Возрождение
Шрифт:
Та покачала головой:
– Это лучше, чем день рождения.
– Я выпил столько воды, что мне надо в туалет, – сказал Конни. – А потом помолиться. Так велел преподобный. И не мешайте мне, пока я это делаю.
Он пошел наверх, а Энди с Терри отправились на кухню, чтобы разложить по мискам мороженое-ассорти (которое мы называли «ван-шок-клуб»… удивительно, как все вспоминается). Родители вернулись в свои кресла и продолжили смотреть телевизор, ничего не видя. Я заметил, как мама протянула руку, а отец взял ее не глядя, будто знал, где она должна быть. Я ощутил себя по-настоящему счастливым.
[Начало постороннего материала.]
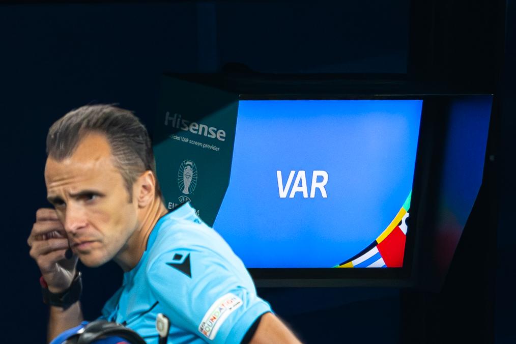 6月29日,在德国多特蒙德举行的2024欧洲足球锦标赛八分之一比赛中,边裁在场边等待VAR(视频助理裁判)的查看结果。新华社记者 肖艺九 摄

Затем почувствовал, что меня тянут за рукав, и увидел Клэр. Она провела меня в прихожую через кухню, где Энди и Терри
– Ты видел его? – спросила она требовательно.
– Кого?
– Преподобного Джейкобса, дубина! Ты видел его, когда я спросила, почему он никогда не показывал электрический пояс на собраниях БММ?
– Ну… да…
– Он сказал, что работал над ним целый год, но если так, он бы обязательно похвастался. Он так гордится всем, что делает!
Я вспомнил, как он смутился, будто Клэр поймала его на лжи (я не раз чувствовал и на своем лице подобное выражение в подобные моменты), но…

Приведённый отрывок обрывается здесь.